Agora num final de tarde de véspera de Natal, ele preferia passar a tarde com seu skate do que em sua própria casa, pois ali, sim, ele se sentia em casa.

Quase diariamente ele se sentava ao final do dia em algum banco ou canteiro e se isolava de tudo e todos, mas não hoje. Normalmente se algum conhecido se sentava próximo a ele, Claudinho quase que imediatamente saía com uma desculpa, normalmente horrível, mas era o que lhe importava. Hoje ao ver uma sombra de um homem alto se aproximando por algum motivo sua cabeça disse “Fod@-se Claudinho, não vamos sair daqui”.

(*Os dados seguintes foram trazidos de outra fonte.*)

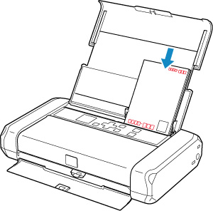 用紙ガイド(C)を左に動かし、用紙の印刷したい面を表にして、後トレイの右端(D)に合わせてセットする

O homem alto e negro se sentou ao lado dele, meio que emburrado Claudinho só foi dar aquele olhar de fod@-se e PQP!!! O cara estava usando apenas um samba canção verde e uma regata branca! Para piorar ele estava todo suado e ao chão estava uma mochila vermelha e seu skate, mas tudo o que é estranho pode piorar...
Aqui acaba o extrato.